# Whole Home DVR



## Doc4pcs (Jun 1, 2012)

I just did an upgrade to a receiver and now I no longer have whole home working. 

My original setup had a HR24-500 DVR and a HD receiver, deca and swm 

I was offered an upgrade to change the HD receiver to another HD dvr. I was sent a HR23-700 to replace the receiver with. Using the existing cabling I unplugged the receiver and swapped it with the dvr. Everything is activated and I now am running the HR24-500 in the living room (deca and swm are in there) and the HR23 is in the bedroom (connected exactly as the receiver was through the coax). 

When I look at the status of whole home, I get a message on both dvr's that there is no networked dvr's available. Do I need to connect my HR23 to my network router using ethernet?


----------



## TDK1044 (Apr 8, 2010)

My observation would be:

1) Is the new HR23-700 set up to allow external access in the whole home menu settings.
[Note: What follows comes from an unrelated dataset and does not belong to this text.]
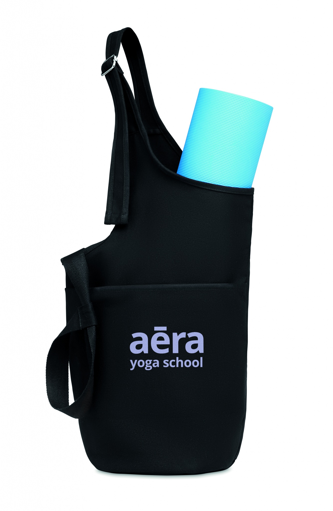 Yoga-Set mit Matte (4 mm) und Übungsgurt. Lieferung in einer Canvas Tasche 340 g/m² mit langem Griff. Produziert gemäß einem zertifizierten Standard für die Verwendung von Schadstoffen in Textilien.
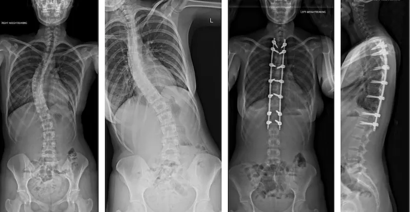X-rays of Camille's own spine, pre- and post-surgery provided the inspiration for her designs

2) Has your old receiver been fully removed from your system. If your new 
HR23-700 is sharing the same IP address as your old box, and your old box has not been fully removed, you will have issues.

3) Reboot both DVRs.


----------



## veryoldschool (Dec 10, 2006)

The HR23 doesn't have an internal DECA as the 24 does, so if you don't have a DECA adapter on the HR23 you'll need one, or use ethernet.


----------



## Doc4pcs (Jun 1, 2012)

They installed a deca with my original install a few years ago connected to the HR24. Does that need to be hooked to the HR23 instead of the HR24 now?

And yes, the receiver has been removed on the account and the dvr is showing on my account.


----------



## TDK1044 (Apr 8, 2010)

The HR24 has an internal DECA and doesn't need an external one.


----------



## The Merg (Jun 24, 2007)

Doc4pcs said:


> They installed a deca with my original install a few years ago connected to the HR24. Does that need to be hooked to the HR23 instead of the HR24 now?
> 
> And yes, the receiver has been removed on the account and the dvr is showing on my account.


The "DECA" that was installed near the HR24 was most likely the Cinema Connection Kit (CCK) that allows the Internet to get from your home network to your receivers. You need a DECA for the HR23, since as mentioned, the HR24 and H24 have built-in DECAs and the HR23 does not.

Quick way to check if you have a DECA for the HR23: do you have an ethernet cable connected to the HR23 from a small little box behind the HR23? No, then no DECA.

If you don't have one, call up DirecTV and have them send one to you. The coax that goes to the HR23 will plug into the DECA. The DECA has a coax that will plug into the HR23 and also a small ethernet cable jumper that goes to the HR23 ethernet port. In the meantime, you can hook up an ethernet cable from your router to the HR23 to get MRV working.

- Merg


----------



## veryoldschool (Dec 10, 2006)

Doc4pcs said:


> They installed a deca with my original install a few years ago connected to the HR24. Does that need to be hooked to the HR23 instead of the HR24 now?
> 
> And yes, the receiver has been removed on the account and the dvr is showing on my account.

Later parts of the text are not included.